Thursday, October 29, 2009

Port Out, Starboard Home - a Day in Orford

East Anglia is one of those places that people seem to love or hate. I thought I hated it, but that was before I visited Orford, last Thursday:

Once a bustling medieval seaport, now a sleepy coastal village at the end of an empty, 12-mile road, Orford appears to be an unspoilt relic of an England that died long ago.

There are no adverts, chain stores or grafitti and apart from the occasional car, the only noises to be heard are the cries of gulls and curlews. A good place to set a murder mystery.

Overlooking the village is the keep of the 12th century Orford Castle:

I have no idea why some castles seem to attract coachloads of visitors whilst others are virtully empty, but I'm grateful that there are places where it's still possible to be alone.

I don't believe in the supernatural, but I was intrigued by an argument that ancient buildings are like magnetic tape, resonating with echoes of previous inhabitants. It's nonsense, I'm sure, but it feels true.

The ticket office was staffed by a man who apeared to have taken his inspiration from Uriah Heep, with a manner that was superficially obsequious, but with an underlying menace. He was quietly insistent that I should take advantage of the free audio tour, but I wanted to enjoy the silence.





At the top of the castle, there is a wonderful panoramic view of Orford and the surrounding area. I felt like Roger Livesey in 'A Matter of Life and Death', looking down at the village in his camera obscura.

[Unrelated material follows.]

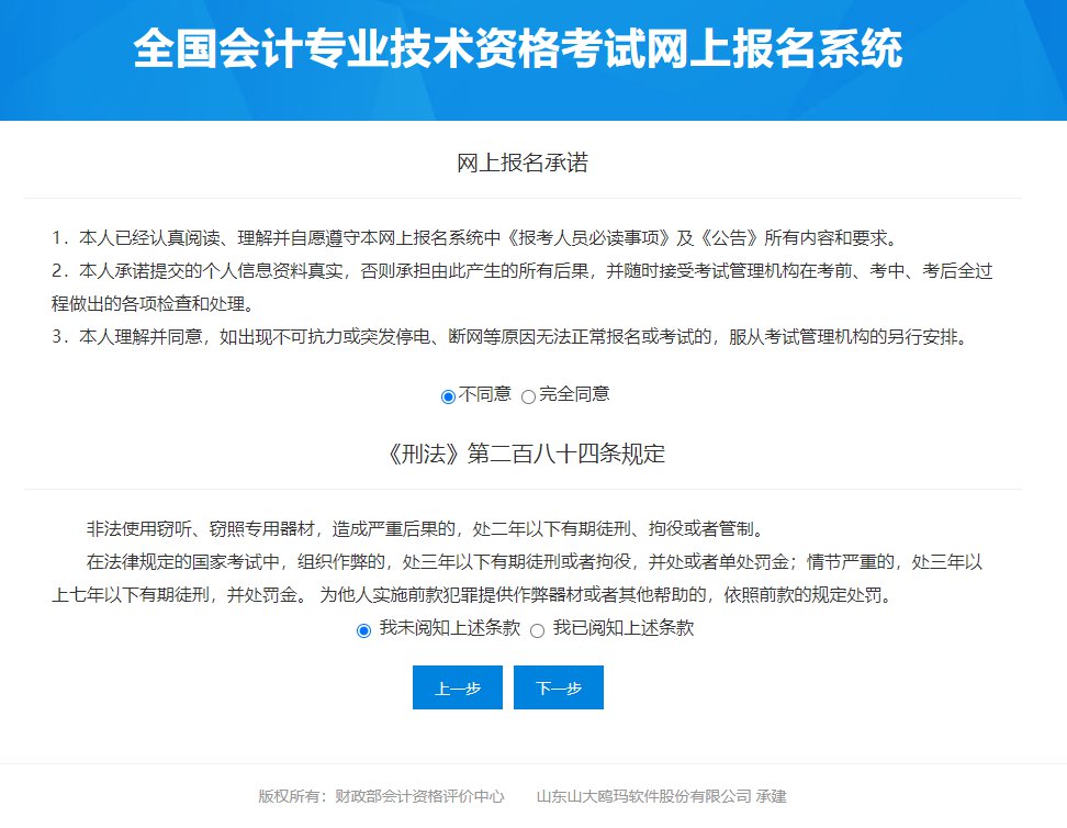 2、然后查看“网上报名承诺”,选择“同意”以及“已阅读”,然后点击下一步

Free from the usual roar of traffic, I could hear almost everything, from the footsteps of someone walking through the village square to the slow scraping of a boat being dragged by hand across shingle.

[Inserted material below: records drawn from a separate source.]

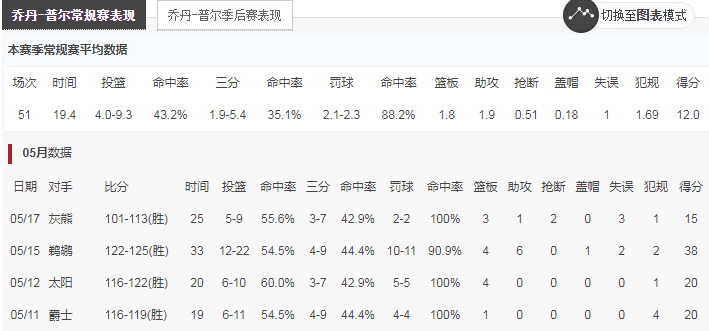 今年5月15日勇士125-122击败鹈鹕的比赛,普尔就上演了属于他的时刻,全场22投12中,三分球9中4,罚球11中10,疯狂轰下38分4篮板6助攻1盖帽,并且前面两场比赛普尔都有至少20分的输出,投出手感的普尔十分具有侵略性,大大地分担了库里的压力,成为了汤神伤停之后的最佳替身。
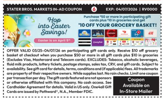 Receive $10 off grocery basket at checkout when you purchase $50 or more in the following gift cards plus $10 in groceries:
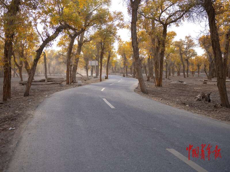 2025年10月22日,新疆沙雅县城,这条139县道被当地人称为“秘境公路”——它像条细韧的绿丝带,串起世界最大胡杨林、塔里木河古渡口与隐世红柳滩,全程139公里,每公里都是风景。中青报·中青网记者 李隽辉/摄
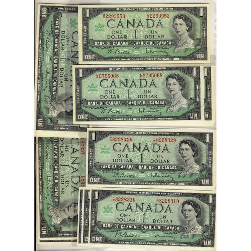 1967 $1 issues. BC-45b. Lot of 30 notes with various serial numbers and prefixes. AU to gem Unc.
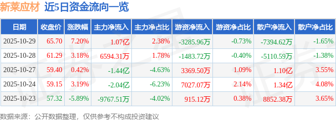 证券之星消息,截至2025年10月29日收盘,新莱应材(300260)报收于65.7元,上涨7.2%,换手率24.52%,成交量70.53万手,成交额44.79亿元。
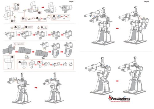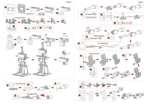 Jednotlivé díly vyjměte z kovových plátků, v případě potřeby použijte malé štípací nůžky (nejsou součástí). Dílky se spojují k sobě pomocí zámků tvořených úchytem (zobáčkem) a otvorem. Zobáček ohněte pomocí malých tenkých kleští (nejsou součástí) a postupně spojte všechny zámky až vznikne velmi realistický mistrovský kousek!
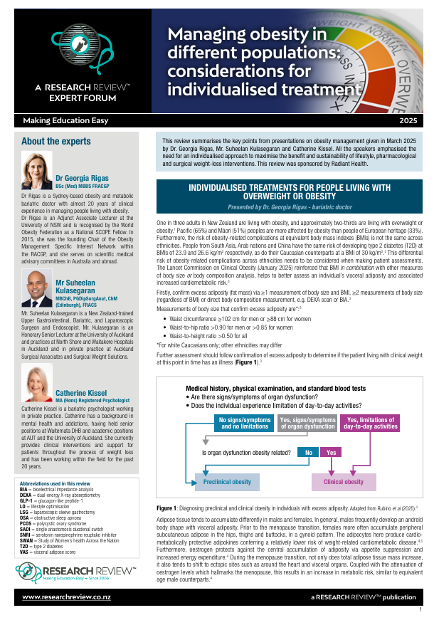 This review summarises the key points from presentations on obesity management given in March 2025 by Dr. Georgia Rigas, Mr. Suheelan Kulasegaran and Catherine Kissel. All the speakers emphasised the need for an individualised approach to maximise the benefit and sustainability of lifestyle, pharmacological and surgical weight-loss interventions. This review was sponsored by Radiant Health.
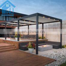 Motorized Powder Coated Metal Gazebo Aluminum Louvered Roof Pergola Kits With LED Lights
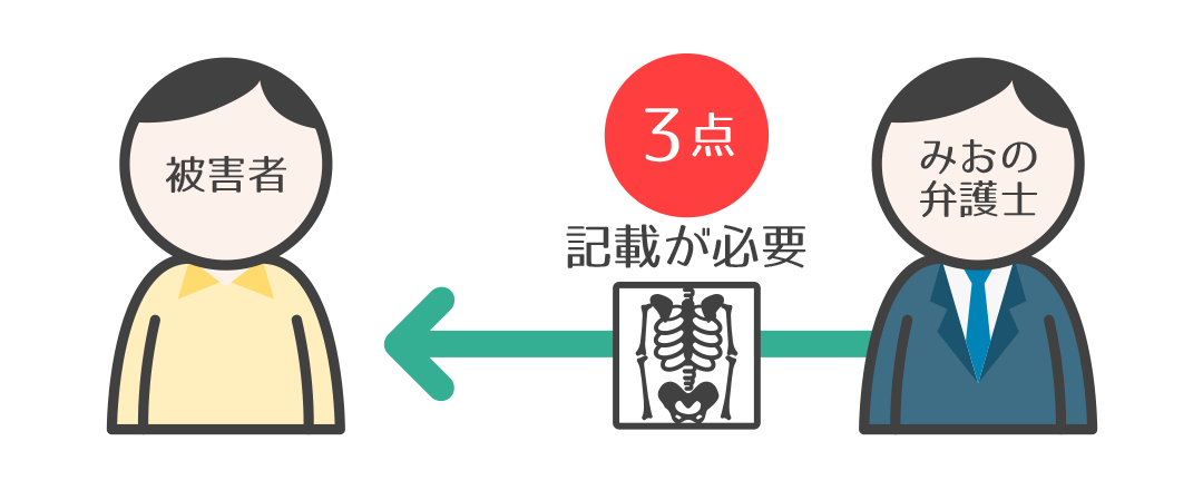 Kさんから症状固定時点で残っている症状を確認した結果、後遺障害診断書については、どのような痛みが残っているかの記載や、骨の状態の記載、今後の症状の見通しなどの記載が重要であると判断。その3点を中心に、後遺障害診断書に記載すべき内容をアドバイスしました。

Landscapes may be regarded as a symbol of permanance in an ephemeral world, but the view from the castle would have been completely different when Eleanor of Aquitaine began the voyage to ransom her son, Richard the Lionheart.

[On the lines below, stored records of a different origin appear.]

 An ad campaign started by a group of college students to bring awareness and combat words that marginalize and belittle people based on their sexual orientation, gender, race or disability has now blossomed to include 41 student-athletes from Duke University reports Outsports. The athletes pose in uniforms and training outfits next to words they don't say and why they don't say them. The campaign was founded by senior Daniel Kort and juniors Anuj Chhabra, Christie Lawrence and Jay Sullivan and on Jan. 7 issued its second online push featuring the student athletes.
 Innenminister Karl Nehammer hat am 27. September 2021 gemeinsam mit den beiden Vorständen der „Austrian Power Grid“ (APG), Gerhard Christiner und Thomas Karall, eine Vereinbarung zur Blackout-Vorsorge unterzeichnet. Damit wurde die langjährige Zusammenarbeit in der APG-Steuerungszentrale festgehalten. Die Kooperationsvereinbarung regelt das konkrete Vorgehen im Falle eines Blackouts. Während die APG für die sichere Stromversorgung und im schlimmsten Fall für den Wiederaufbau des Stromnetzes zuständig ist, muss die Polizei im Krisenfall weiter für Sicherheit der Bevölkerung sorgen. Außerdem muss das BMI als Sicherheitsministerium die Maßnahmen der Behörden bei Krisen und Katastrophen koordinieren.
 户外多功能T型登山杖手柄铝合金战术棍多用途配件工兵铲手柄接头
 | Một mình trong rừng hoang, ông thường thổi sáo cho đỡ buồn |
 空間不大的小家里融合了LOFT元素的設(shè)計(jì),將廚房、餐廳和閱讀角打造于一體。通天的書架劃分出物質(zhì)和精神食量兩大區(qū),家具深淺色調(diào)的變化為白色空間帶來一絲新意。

It is thought that Orford Ness, a long spit of land that separates the village from the sea, didn't exist in medieval times. Today, the only way of reaching open waters is to turn right, out of the port and sail for several miles.



A few miles north is Aldeburgh (pronounced Awlbruh), where Benjamin Britten established the famous music festival. The concert hall at Snape Maltings attracts world class artists and during the Aldeburgh Festival, it feels as if most of the cognoscenti have decamped to Suffolk.

As journalist Stephen McClarence recently wrote:

A MAN in baggy knee-length shorts and canvas shoes is scolding a small boy in sailor-striped T-shirt. “Toby, do behave,” he snaps, brandishing a baguette. “And where on earth has Bertie got to?” Aldeburgh, on the Suffolk coast, is no place for hoi polloi or honky-tonk. Never has been. Even before it became a “Cultural Village of Europe”, even before its annual festival gave it cultural kudos, there was broad consensus about its upmarket appeal.


A half-timbered kiosk on the seafront serves cafĂ© latte. The gift shops stock designer bath caps at £15 a throw. And at weekends, metropolitan holiday-homers turn the place into Boden-on-Sea, the social embodiment of smart-casual.

This is Umbria-in-Anglia, with prawn-pink and pale-primrose holiday cottages rented out at up to £1,600 a week. Hollyhocks in the gardens, dried starfish and model lighthouses in the front windows, bicycles with wicker baskets propped up against the fences.

On dull days, when the sea is a melancholy browny-grey, it’s a place to read P. D. James and listen to Test Match Special, and watch Ayckbourn or Wilde at the Jubilee Hall summer theatre.

“They’re all lords and ladies here, all Captains and Sirs,” says a shop assistant. “Don’t get me wrong, they’re lovely people, but they’re the only ones who can afford to live here.”

And there, as they say, is the rub. This entire stretch of coast, with its winning combination of beautiful landscapes, unspoilt, historic villages and a thriving arts scene, has made the local housing unaffordable to the average punter. I suspect that many traditional Orford families now live in the less aesthetically pleasing environs of Ipswich.

There were a few fishermen down by the quay who commented on what a "Boo'ful evenin'" it was, but they seemed like extras in a play that was populated by an almost exclusively middle class cast. If Orford seems frozen in time, that may be because the average age of its citizens is several decades older than the national average. During my visit, two days ago, almost everyone I saw was white, middle class and over 50.

The Jolly Sailor pub seemed traditional enough, but my lunch was served by a slightly scary eastern European girl who barked "Fiss? Fiss? Fiss?" until I nodded my ascent. What had happened to the locals?

I don't blame people for wanting to live in an episode of Midsomer Murders, but I'm glad that Lewes is still a working town with a broad social mix (albeit heavily weighted towards graduates). Orford was beautiful, but it felt like a gated community and given the house prices, it effectively was.

2 comments:

Lucille said...

Is the Butley Orford Oysterage still there? Not posh enough perhaps.

Steerforth said...

Still there and thriving, by all accounts.